Analyzing KPIs
Introduction
A Key Performance Indicator (KPI) is a quantifiable metric that can be used to evaluate the success or the failure of the object being measured. WSO2 SP with its real-time stream processing engine allows you perform KPI Analysis. In this tutorial, let's look at how to create a Siddhi application that performs KPI analysis.
In this scenario, the foreman wants the production per hour of each sweet to not fall below 5000 units in order to meet the customer demand. At the same time, he also needs to know if the production per hour of a category is over 10000 in order to identify surpluses. Let's see how to write a query to derive this information by analyzing data sent in JSON format by the Sweet Bots on the factory floor.
This tutorial covers the following concepts:
Grouping and filtering
Siddhi functions
- Conditional processing using
ifThenElse()
Before you begin:
This tutorial reuses the following queries and configurations from other tutorials:
- Sink and source configurations in Consuming Events.
The query created in Summarizing Stream Data - Short Term.

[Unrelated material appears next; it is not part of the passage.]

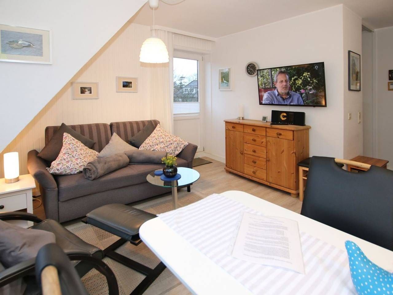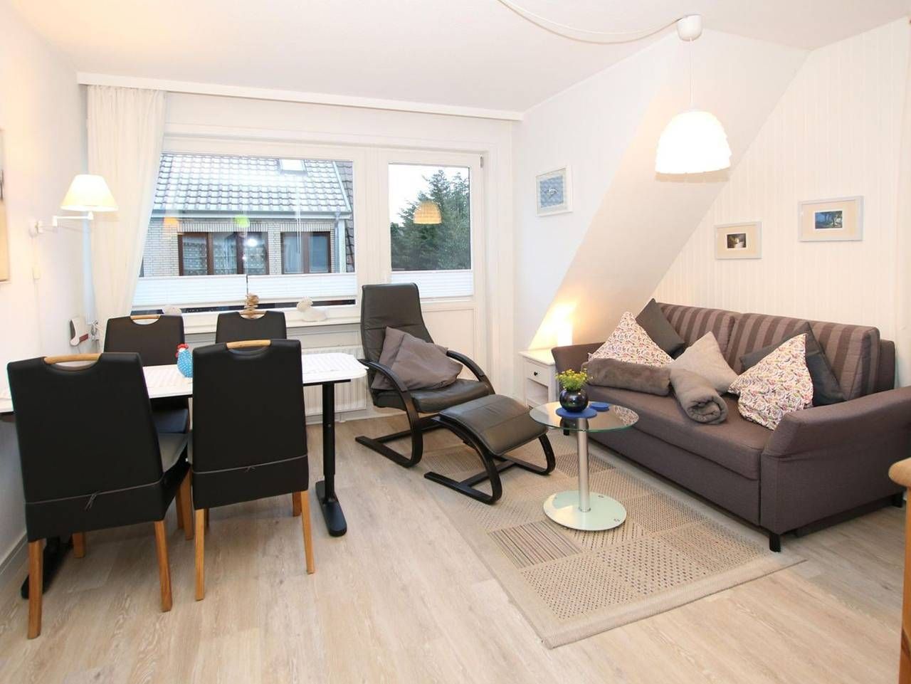 Ferienwohnung in Wyk auf Föhr, Wiesenweg 9,Wohnung Nr.4, Ca. 42 qm 2-Zimmer-Nichtraucherwohnung in der 1.Etage mit 2 Balkonen (Süden und Westen). WOHNZIMMER: gemütlich und neu eingerichtet, Zweierschlafcouch mit Ledersessel...

This tutorial considers a time window of one hour instead of one minute.
Tutorial steps
In this tutorial, there are two scenarios as follows:
- Detecting sweets of which the production per hour falls below 5000
- Detecting sweets of which the production per hour rises above 10000
Scenario 1: Detecting sweets of which the production per hour falls below 5000
Let's get started!
- Start the WSO2 SP in the editor mode and login to the Stream Processor Studio. Then open a new Siddhi application.
Let's revisit the following configurations that you created in Tutorial 5.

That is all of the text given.